- _Task directions_:
Reproduce only this range: the line holding "A fordított háromszög" through the last line of the data below, both included, exactly, with no pictures.

- _The data_:
============

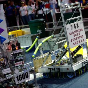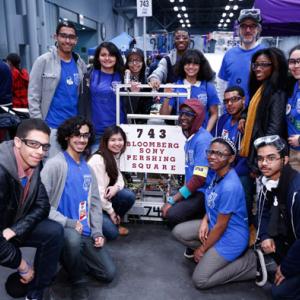 The competition marked the culmination of a 6 week robot building journey for the 47 Bloomberg Mentors and their 13 robotics teams. “Recycle Rush” was the theme of the 2015 competition in which the teams’ robots scored points by stacking totes on scoring platforms, capping them with recycling containers and discarding pool noodles, representing litter.
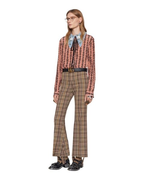 A fordított háromszög alkatnak igazán a stílusa a széles szár, még ebben a kockásban is érdemes bepróbálni!
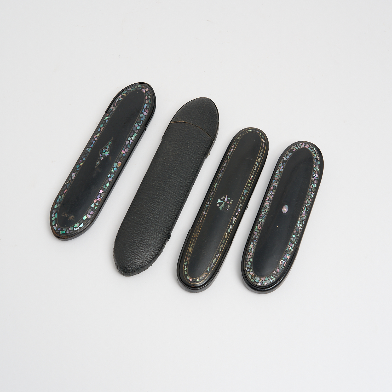 A COLLECTION OF FOUR MID-19TH CENTURY SPECTACLE CASES INCLUDING THREE INLAID WITH MOTHER-OF-PEARL L.18CM (LONGEST)

============

- _Exercise output_:
 A fordított háromszög alkatnak igazán a stílusa a széles szár, még ebben a kockásban is érdemes bepróbálni!
 A COLLECTION OF FOUR MID-19TH CENTURY SPECTACLE CASES INCLUDING THREE INLAID WITH MOTHER-OF-PEARL L.18CM (LONGEST)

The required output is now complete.